16: puts "#{Process.pid}: from child stdin #{STDIN}"
17: puts "#{Process.pid}: from child stdout #{STDOUT}"
18: debugger
pry> Process.pid
12316
pry> continue
12316: from parent end
Thanks for the investigation!
I don't think I'll have time to look at this. But the gist is: if it works with the GC disabled, then it definitely doesn't work. It should work with the GC enabled. If it crashes with the GC on it means we aren't tracking memory properly. The problem with that is that it's really hard to know where we are doing something wrong! So it will require a lot of investigation and narrowing down things.
For now, I'll keep using my workaround for this issue.
And here is my current workaround in case someone needs it.
{% if flag?(:interpreted) %}
GC.disable
Signal::CHLD.reset
Crystal::Signal.start_loop
{% end %}
The problem isn't with fork
or maybe it was but this has long been fixed.
What happens is that calling an external process (e.g. Process.run
) eventually waits for the process to terminate but we can't use waitpid
or another syscall that would block the current thread, so the crystal runtime waits for a SIGCHLD signal to keep other fibers going, and resume the pending fiber when the signal is received.
The problem is that the interpreted code will never receive the signal, because the crystal interpreter will be the one receiving it, but since it doesn't know anything about that child process, it likely discards it... and the interpreted code hangs forever.
I'm not sure how this can be fixed. I'm not sure the interpreted code taking over the signals is a good idea. Maybe the interpreter should forward signals to the interpreted code?

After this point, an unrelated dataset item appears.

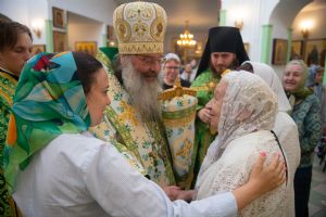 Архипастырь преподал верующим благословение. После службы митрополит Кирилл посетил приходской Центр духовного и творческого развития личности «Перемена». Правящий архиерей осмотрел отремонтированные помещения, где с нового учебного года будут заниматься воспитанники Серафимовской воскресной школы. В новом центре созданы условия для инклюзивного образования. Бесплатные творческие занятия для детей с ограниченными возможностями проходят при поддержке Министерства труда, занятости и социальной защиты РТ. Необходимые мебель и оборудование в Центр приобретены при поддержке Президента Татарстана Р.Н. Минниханова.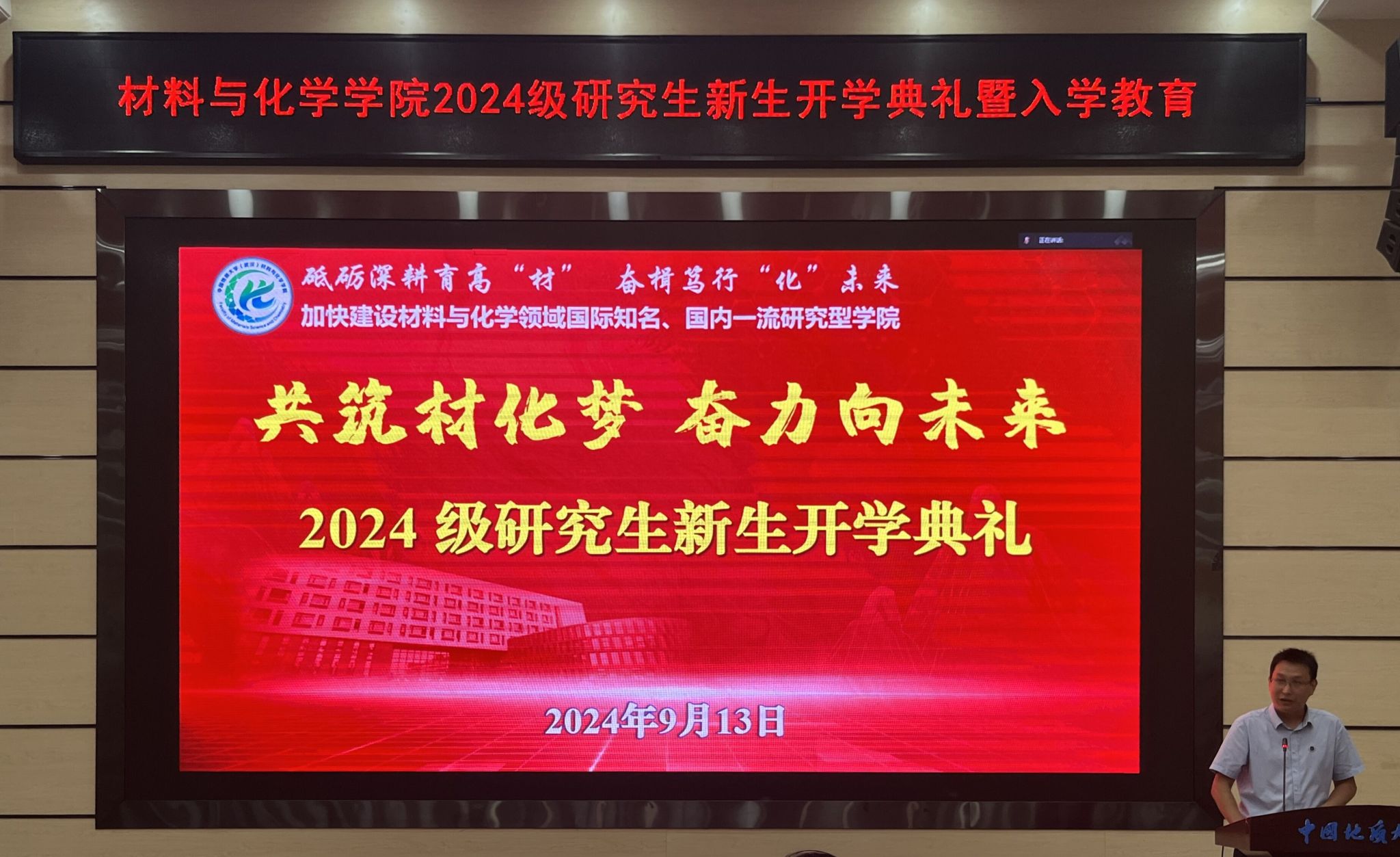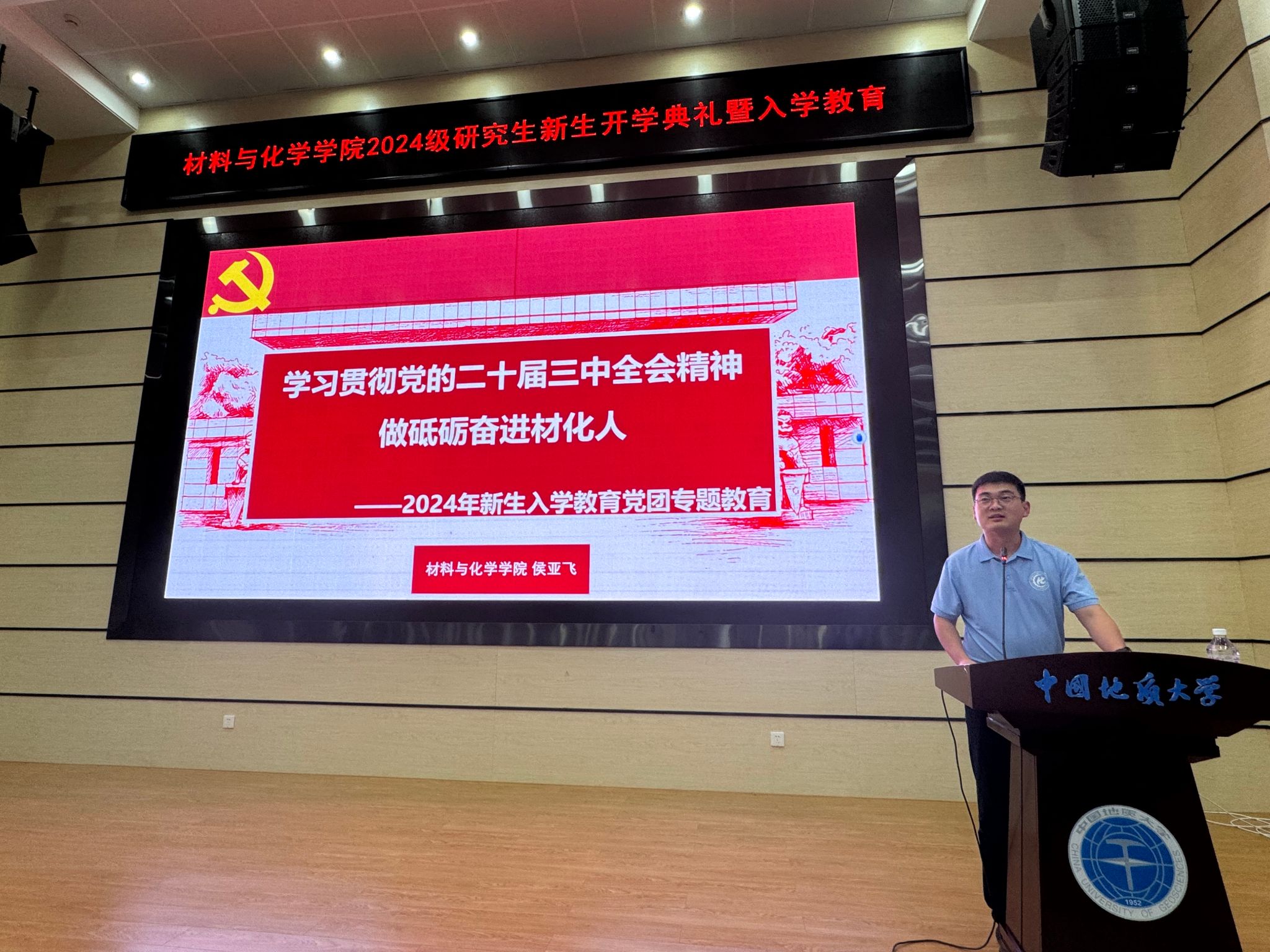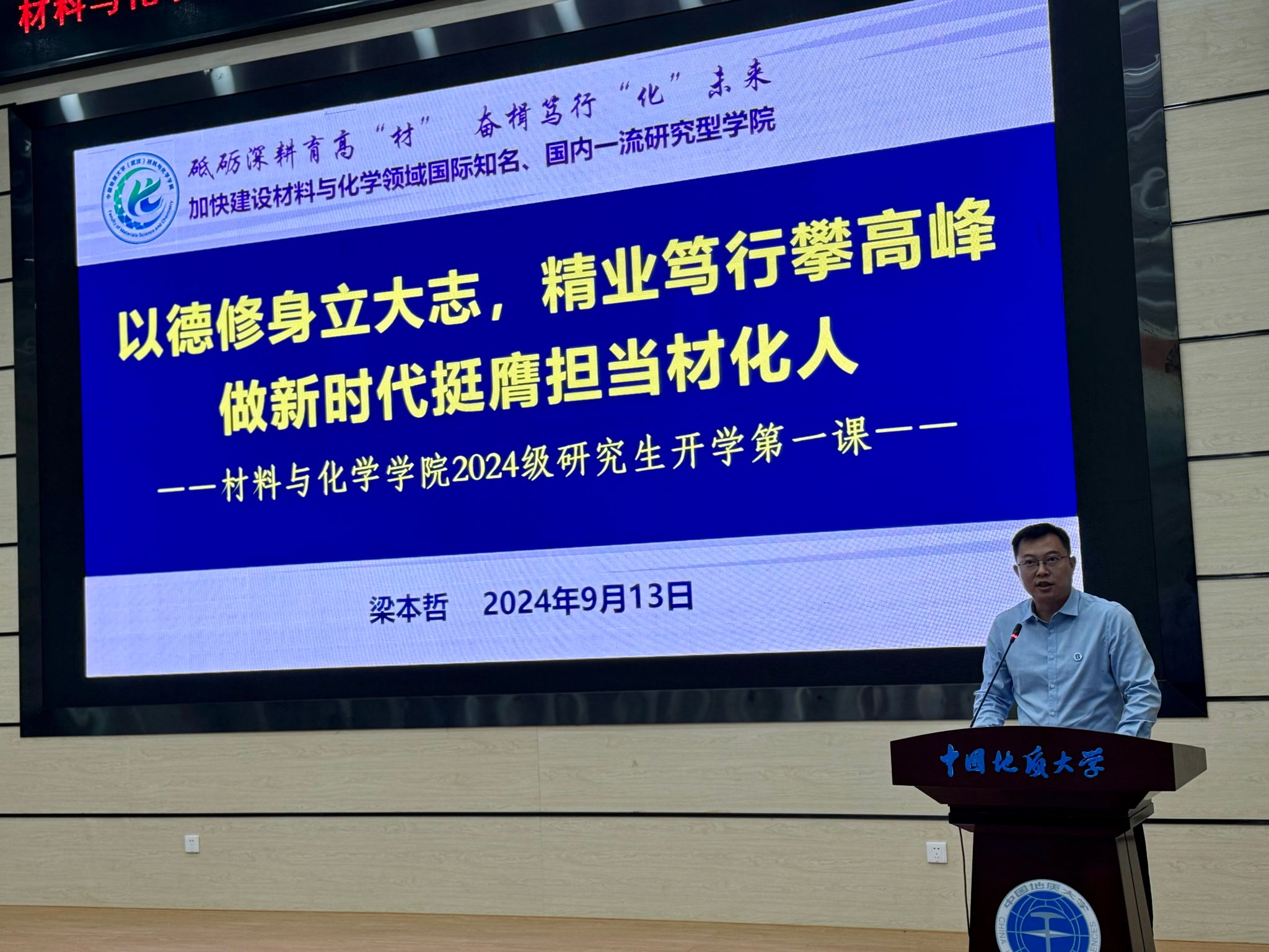 学院党委书记梁本哲总结发言,并讲开学第一课。他以“以德修身立大志,精业笃行攀高峰,做新时代挺膺担当材化人”为主题,从六个方面介绍了学院的发展历程、建设成效及特色优势,他勉励新生:一是要为国攀登,争做地大精神“传承者”;二是要重新起跑,争做全新赛道“先行者”;三是要追求卓越,争做矢志创新“排头兵”;四是要坚守底线,争做学术道德“捍卫者”;五是要挺膺担当,争做科技报国“践行者”;六是要奉献社会,争做科教惠民“志愿者”。他希望全体导师身正为范,争做立德树人“大先生”。他希望全体研究生以材化为基石,将论文写在祖国大地上,成就精彩人生。

We probably need an interpreter intrinsic for the interpreted code to tell the interpreter that it wants to register a signal handler, have the interpreter register the signal and remember it, then have the signal handler notify the interpreted code when it receives the signal.
The interpreter could write directly to the signal loop file descriptor of the interpreted code, which may need another intrinsic to setup (or simply be an arg of the register intrinsic above). Then the signal loop would work just as normal in the interpreted code.
The interpreter can handle SIG_DFL
and SIG_IGN
directly, so I don't think we need an unregister signal intrinsic.
We could also consider putting signal handling on the event loop. That's an orthogonal issue, but might offer some alternative for interpreter integration.
Oh, it seems that once the interpreter starts interpreting, the signal loop fiber won't be scheduled anymore, and signals won't be handled anymore :thinking:
Oh my, the patch is incredibly small. Just add the following to src/kernel.cr
and it works:
+{% if flag?(:interpreted) && flag?(:unix) %}
+ Crystal::System::Signal.setup_default_handlers
+{% end %}
The interpreter won't receive signals anymore but it won't process them anyway, so it's better to let the interpreted code receive the signal, and handle it properly.
Start the repl, then run another shell command via
Process
, then it's frozen forever.The child process is defunct.